Satellite images reveal: Iran building border crossing to smuggle weapons
Iran is building a border crossing between Iraq and Syria that will allow the smuggling of weapons new satellite images have revealed, raising concerns that it could could expedite the transfer of weapons from Tehran to groups like Hezbollah.
The images, taken by ImageSat International (ISI) this past week, allegedly shown construction activity of permanent infrastructure 2.6 kms west of the official Al Bukamal Al-Qaim border crossing between the two countries.
While the border crossing has been inactive, the area is under the control of pro-Iranian Shiite militias who are handled by Iran’s Revolutionary Guard Corp’s Quds force and have been putting in work and resources into building a new active one.
In one image a new wide square measuring 270×165 meters has been under construction for the past three months and will probably be used as a storage compound for vehicles, equipment and possibly weapons.
(photo credit: IMAGESAT INTERNATIONAL (ISI))
A neighboring structure was said to have been built at the end of 2018.
In another image a site is seen flattened inside a compound probably controlled by Iran’s Shiite militias. The site was bombed on June 18 2018 and debris has since been removed. Two weeks later an Iranian intelligence delegation and the deputy leader from the Iraqi Shiite Popular Mobilization Committee militia Abu Mahdi Muhandis visited the site.
The new infrastructures, which cross the border, will probably serve to transfer equipment, civilian as well as military, such as weapons.

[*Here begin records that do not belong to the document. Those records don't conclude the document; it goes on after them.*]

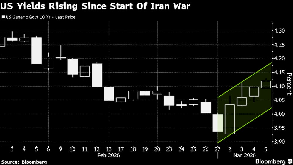 Bloomberg — Los bonos del Tesoro cayeron por cuarto día consecutivo, ya que el aumento de los precios del crudo debido a la guerra de Irán se sumó a la preocupación de que la inflación se acelere.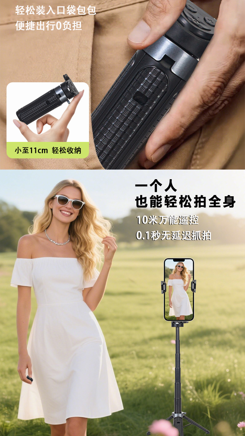 블루투스 셀카봉, 휴대폰 범용, 접이식, 신축성, 라이브 방송, 사진 촬영, 브이로그 도구, 미니 휴대용 스탠드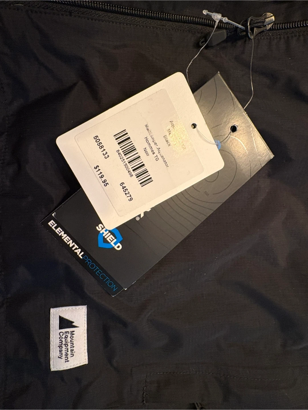 15Mountain Equipment Co-op Hammer Anorak in black, size XL. Originally bought for $119.95. Elemental Shield protection, designed in Canada

According to ISI’s assessment, “tithout Syrian supervision, Iranian allies in Lebanon and Syria such as Hezbollah get a logistic channel, run by the Shiite militias and Iran,” ISI said, adding that “the foundation is part of the Iranian effort to establish the 1200 km length land bridge from Tehran to the Mediterranean.”
Both Israel and the US have warned that Iran and their proxy militias are the biggest threats to peace in the region and hope to weaken Iran’s growing influence across the Middle East and Persian Gulf.
Considered as the head of a snake, Israel has warned repeatedly that it would not allow for an Iranian presence in Syria and has admitted to hundreds of airstrikes to prevent the transfer of weapons such as ammunition to surface-to-air missile kits to Hezbollah in Lebanon the entrenchment of its forces on the Golan.
It is believed that Iran will attempt to entrench itself in Iraq, a mainly Shia Muslim country, as it did in Syria where they have managed to establish, shape and consolidate a solid parallel security structure in the country.
While there have been no reports of strikes in Iraq attributed to Israel, the Jewish State is reported to be behind an airstrike on the Syrian-Iraqi border last year near Al-Bukamal which killed 22 members of a Shiite militia.
Iraqi troops have been working with the Hashd al-Shaabi (also known as Popular Mobilization Forces) militia fighters in the fight against IS militants in the country. The PMF, militias who were incorporated into Iraq’s security apparatus in 2016 to fight against the Islamic State group along with Iraqi and Kurdish forces, are directly financed and equipped by Iran.